The biggest challenge as a DPC doctor is changing the culture around U.S. healthcare, he says. The system has been entrenched in fee-for-service medicine for the last 50 years. It's hard for some people to separate primary care from health insurance. "Many of us have been born into a country where we think health insurance means healthcare. Health insurance is not in the business of healthcare, it's in the business of insurance," Qamar says. He says if people used their car insurance for everything, such as windshield wiper fluid, premiums would go up. "That's what you see in healthcare."

Yet, it's a hard sell to individual patients. This is why his model pairs with lean insurance plans and markets to employers. However, this model means in some fashion, MedLion has to operate under the same principles as an insurance company. Thus, it's not easy to sell to employers either. "When are you catering to employers, your competition is the insurance industry," says Qamar. Selling is also hard because of the long sales cycles of employers, he says.

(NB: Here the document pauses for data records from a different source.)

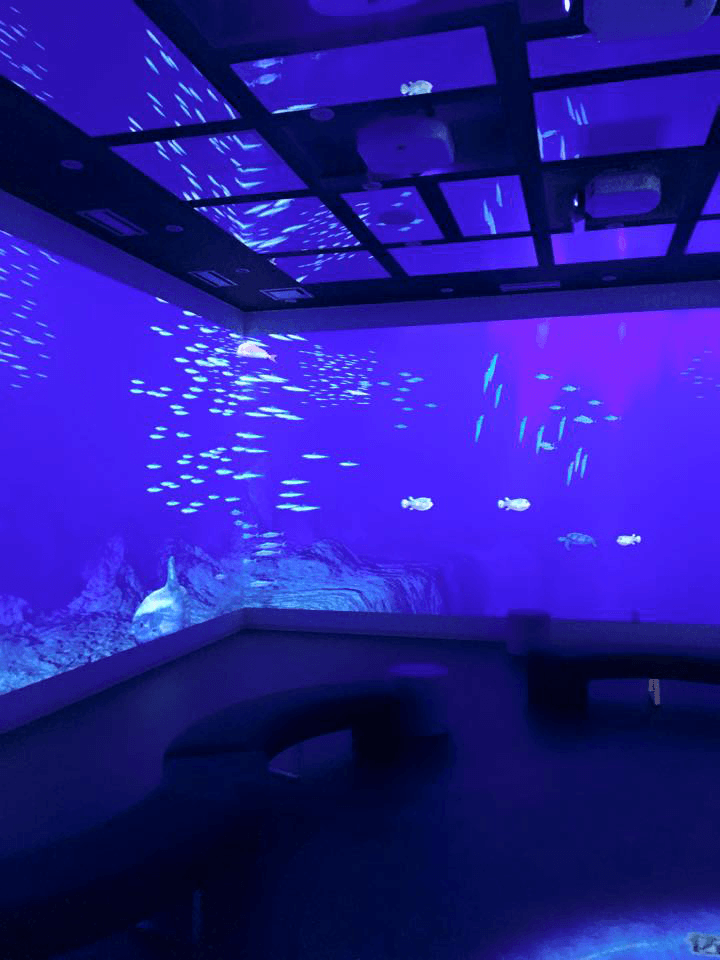 愛媛県伊方町 2016/04/02 https://www.town.ikata.ehime.jp/soshiki/25/91.html 愛媛県伊方町の道の駅「きらら館」。その2階部分の8m x 8m x 3.5mの空間を巨大なバーチャル水族館にフルリニューアルしました。プロジェクター8台とKinect2 8台を用いて、壁面4方向と床面にインタラクティブなプロジェクションコンテンツを実現。企画・設計・開発全般を担当しました。
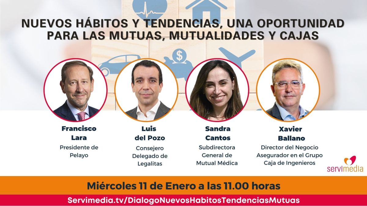 La agencia de noticias Servimedia celebra el miércoles 11 de enero a las 11.00 horas un diálogo sobre 'Nuevos hábitos y tendencias, una oportunidad para las mutuas, mutualidades y cajas' con el fin de analizar las novedades del sector.
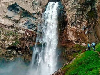 Along the Kyzylkol River, we come to the all-round Irahisyrt plateau, picturesquely complementing the ice caps of Elbrus with colors. After crossing the plateau, we will get to an amazing place: the Sultan waterfall, plunging its waters, rumbling from a height of almost 40 meters, and a little further from it the thermal mineral waters of Jila – Su, in which you can take baths and swim
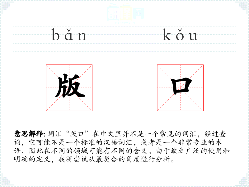 由于“版口”不是一个标准词汇,我们无法给出一个确切的字面意思和基本含义。它可能是某个特定行业或地区的术语,或者是某个特定语境下的用语。
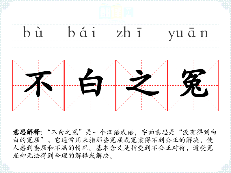 “不白之冤”是一个汉语成语,字面意思是“没有得到白白的冤屈”。它通常用来指那些冤屈或冤案得不到公正的解决,使人感到委屈和不满的情况。基本含义是指受到不公正对待,遭受冤屈却无法得到合理的解释或解决。
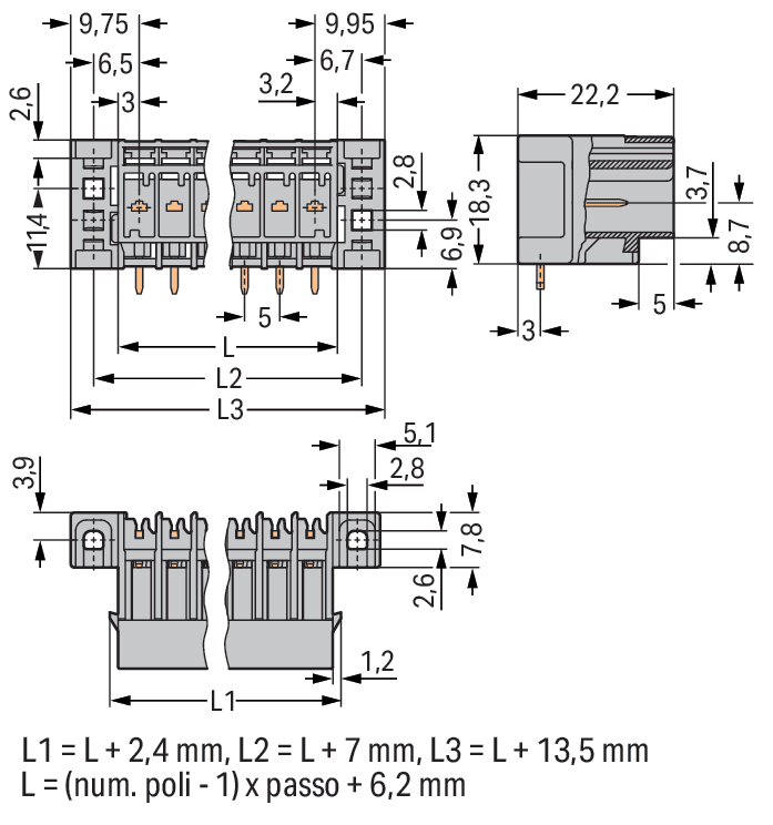WAGO ELETTRONICA - Connettore maschio THT.Pin a saldare 1,0 x 1,0 mm.angolato.grigio 769-674/003-000
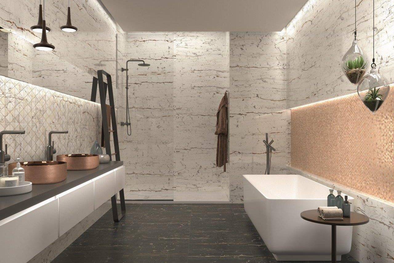 Искусственный керамогранит является одним из наиболее подходящих напольных и настенных покрытий для ванной комнаты. Выбор форматов, видов и цветов огромен. Это материал, который лучше всего противостоит брызгам воды благодаря своим искусственным свойствам, и, в отличие от большинства натуральных плиток, керамогранит также очень устойчив к химическим веществам в большинстве чистящих средств, которые регулярно используются в ванных комнатах.
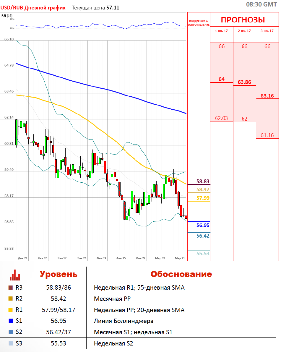 Вчерашнюю торговую сессию валютная пара USD/RUB завершила в красной зоне около отметки 57.26, где российский рубль незначительно вырос по отношению к доллару США, а именно на 0.07%. На момент публикации данного материала, торги по паре проходят вновь в красной зоне около отметки 57.08, где пара стремится к нижней линии Боллинджера на 56.95, в случае пробоя которой, USD/RUB будет нацелена на уровни сопротивления— месячную и недельную S1 на 56.42/37. Сегодня цены на нефть немного растут, в связи с чем российская валюта укрепляется.

These challenges are one reason why Qamar says he tells new DPC doctors to accept primary-care insurance in the beginning, then grow DPC within. Despite this, he is bullish on the future of DPC. "Direct primary care is one of those unique models where the doctors are back in control and they are back in control with their patients - the only two characters needed in a healthcare scene," Qamar says. "Changing the healthcare [system] won't be easy, it will require a collective effort and the courage to go out there and do your own thing, to not have to rely on insurance companies to give medical care to your patients."